EXERCISE BRIEF — Reproduce the listing below from the line with "Am nächsten Tag ist es voller Risse" to the line with "Ausgereifte Wickelsysteme für", both lines included, character for character, minus any pictures.
DATA FOR THIS TASK below:
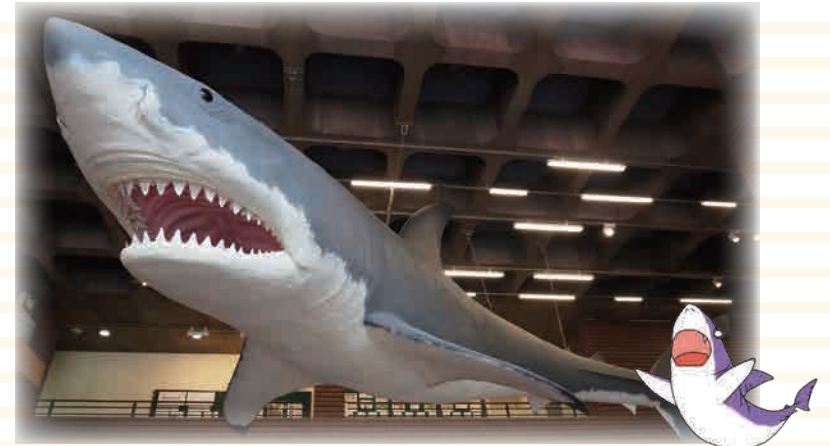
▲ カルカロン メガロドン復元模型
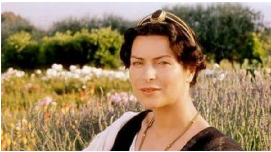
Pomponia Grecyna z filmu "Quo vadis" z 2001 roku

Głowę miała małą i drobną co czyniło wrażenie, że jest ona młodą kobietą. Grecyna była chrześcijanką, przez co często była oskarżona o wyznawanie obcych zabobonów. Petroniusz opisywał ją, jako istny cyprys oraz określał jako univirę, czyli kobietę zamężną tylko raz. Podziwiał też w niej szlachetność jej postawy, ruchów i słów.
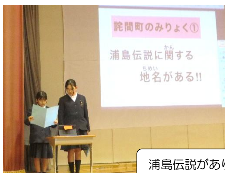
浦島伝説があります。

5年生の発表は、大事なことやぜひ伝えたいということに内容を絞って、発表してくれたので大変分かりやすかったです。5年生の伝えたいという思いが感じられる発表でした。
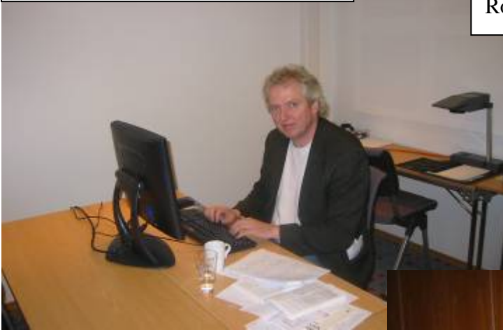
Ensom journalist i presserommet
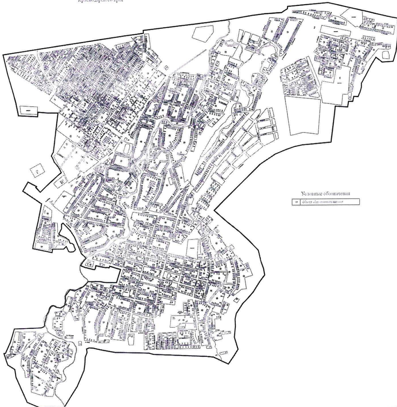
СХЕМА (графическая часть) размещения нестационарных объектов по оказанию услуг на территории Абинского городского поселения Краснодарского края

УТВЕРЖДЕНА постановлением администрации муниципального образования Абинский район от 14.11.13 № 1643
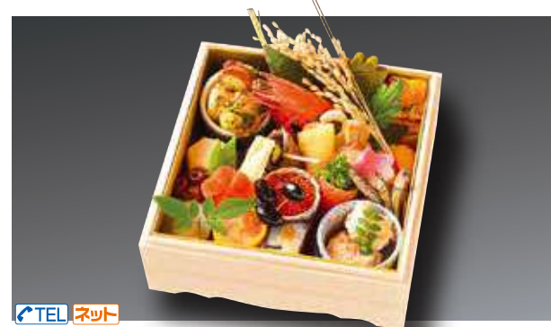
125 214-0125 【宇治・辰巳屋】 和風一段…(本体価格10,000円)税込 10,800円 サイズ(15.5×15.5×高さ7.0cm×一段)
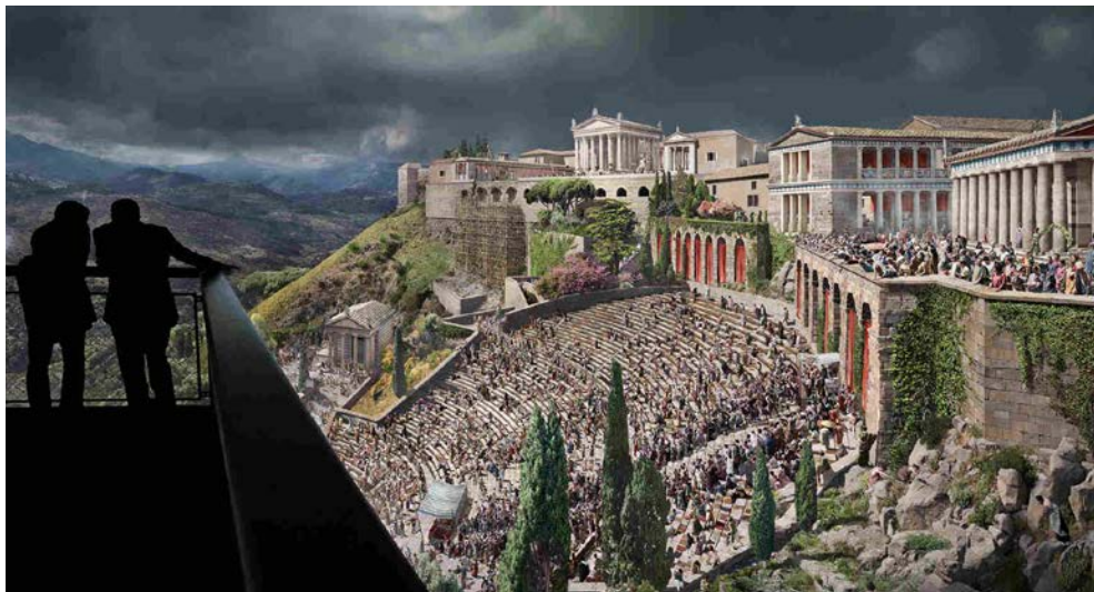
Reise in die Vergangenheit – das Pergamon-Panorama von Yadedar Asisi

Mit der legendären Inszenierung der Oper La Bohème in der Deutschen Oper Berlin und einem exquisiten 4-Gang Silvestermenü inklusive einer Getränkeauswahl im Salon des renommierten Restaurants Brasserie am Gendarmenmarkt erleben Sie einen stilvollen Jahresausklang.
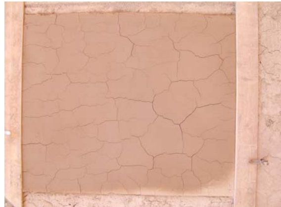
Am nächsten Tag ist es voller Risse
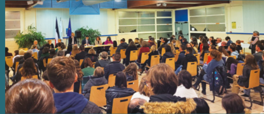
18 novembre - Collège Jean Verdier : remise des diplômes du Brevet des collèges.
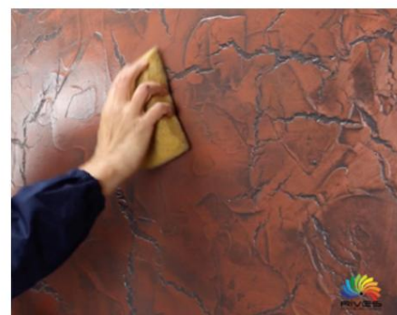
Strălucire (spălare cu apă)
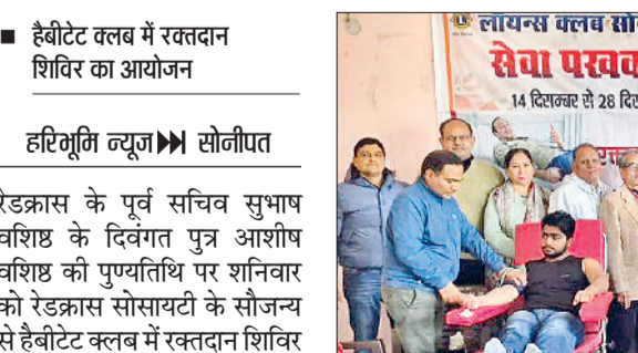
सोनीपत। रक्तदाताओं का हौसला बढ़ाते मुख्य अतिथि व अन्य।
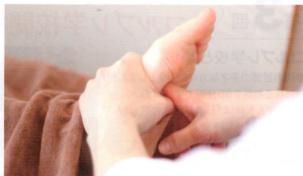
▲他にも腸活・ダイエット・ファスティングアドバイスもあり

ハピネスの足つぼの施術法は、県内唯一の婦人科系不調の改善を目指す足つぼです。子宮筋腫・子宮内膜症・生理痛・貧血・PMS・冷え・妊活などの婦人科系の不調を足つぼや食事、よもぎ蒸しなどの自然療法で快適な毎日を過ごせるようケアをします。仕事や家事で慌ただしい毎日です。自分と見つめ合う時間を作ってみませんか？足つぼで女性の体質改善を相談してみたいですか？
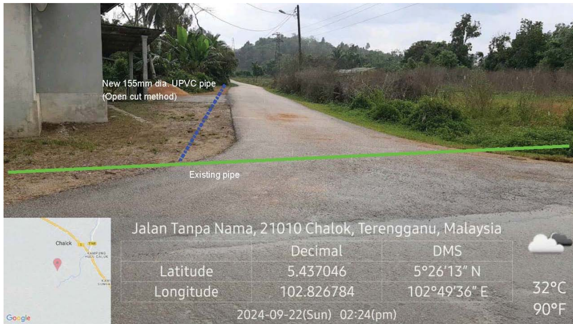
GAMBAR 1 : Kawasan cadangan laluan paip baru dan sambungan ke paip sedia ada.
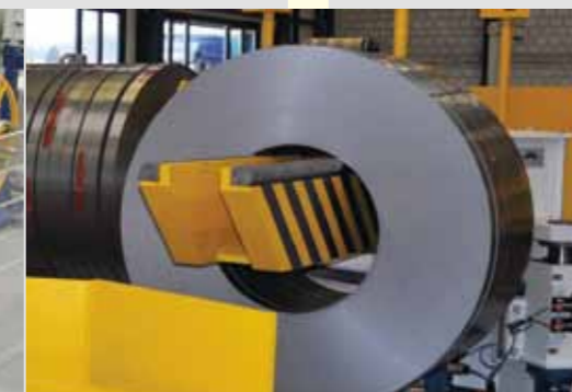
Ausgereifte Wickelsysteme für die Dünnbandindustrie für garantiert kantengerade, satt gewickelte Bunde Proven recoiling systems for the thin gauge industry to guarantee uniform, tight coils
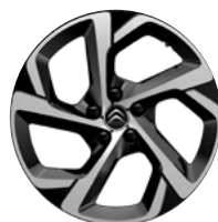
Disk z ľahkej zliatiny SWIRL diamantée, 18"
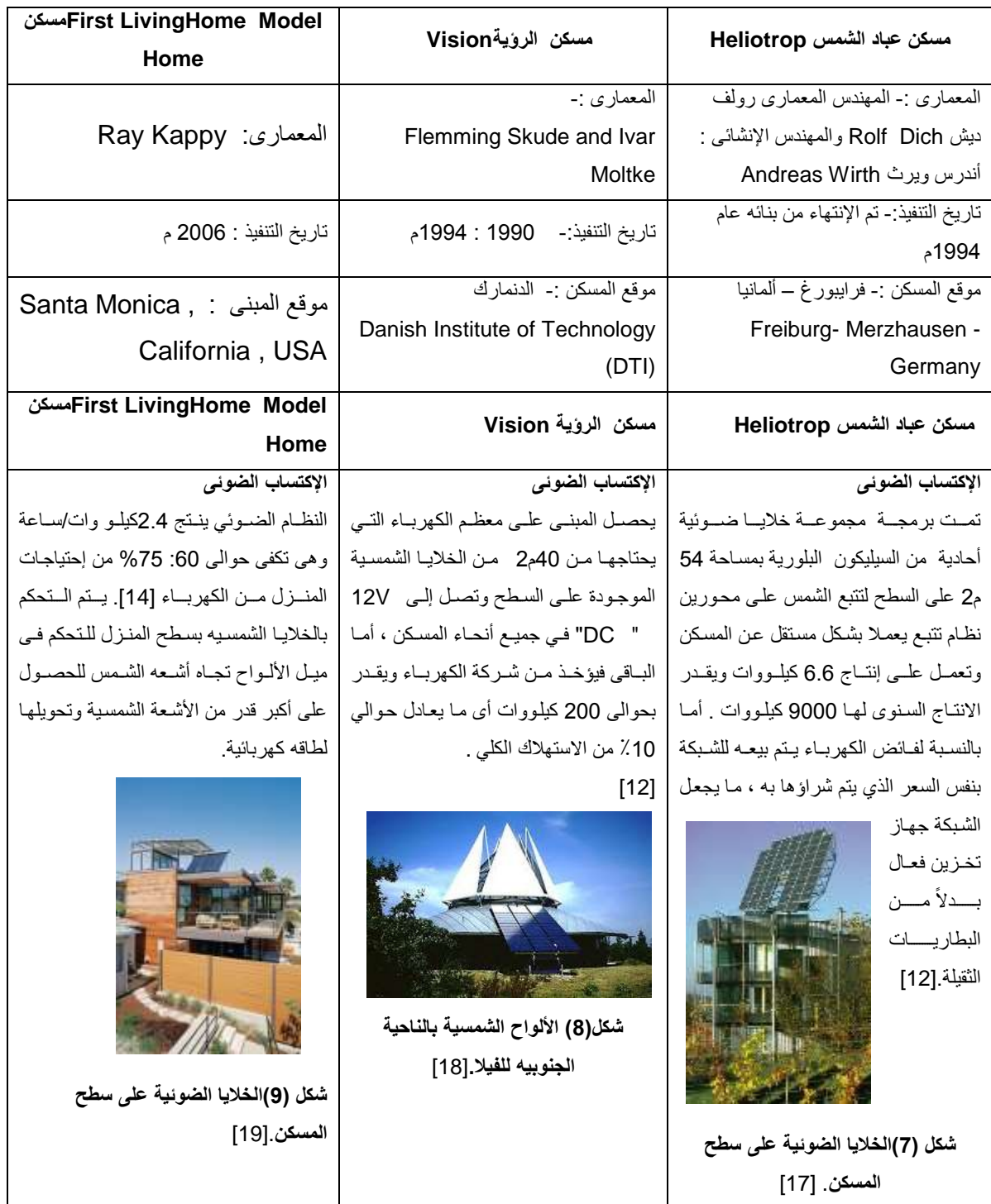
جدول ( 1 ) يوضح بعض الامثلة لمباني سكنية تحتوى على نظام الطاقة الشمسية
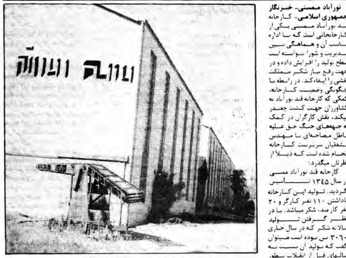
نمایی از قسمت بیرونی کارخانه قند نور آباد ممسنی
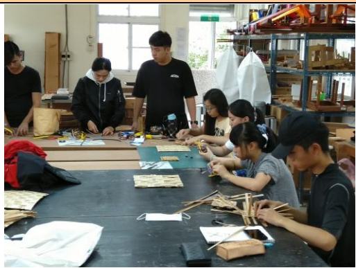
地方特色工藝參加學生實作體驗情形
End of DATA FOR THIS TASK.
REPLY TO THE TASK —
Am nächsten Tag ist es voller Risse
18 novembre - Collège Jean Verdier : remise des diplômes du Brevet des collèges.
Strălucire (spălare cu apă)
सोनीपत। रक्तदाताओं का हौसला बढ़ाते मुख्य अतिथि व अन्य।
▲他にも腸活・ダイエット・ファスティングアドバイスもあり

ハピネスの足つぼの施術法は、県内唯一の婦人科系不調の改善を目指す足つぼです。子宮筋腫・子宮内膜症・生理痛・貧血・PMS・冷え・妊活などの婦人科系の不調を足つぼや食事、よもぎ蒸しなどの自然療法で快適な毎日を過ごせるようケアをします。仕事や家事で慌ただしい毎日です。自分と見つめ合う時間を作ってみませんか？足つぼで女性の体質改善を相談してみたいですか？
GAMBAR 1 : Kawasan cadangan laluan paip baru dan sambungan ke paip sedia ada.
Ausgereifte Wickelsysteme für die Dünnbandindustrie für garantiert kantengerade, satt gewickelte Bunde Proven recoiling systems for the thin gauge industry to guarantee uniform, tight coils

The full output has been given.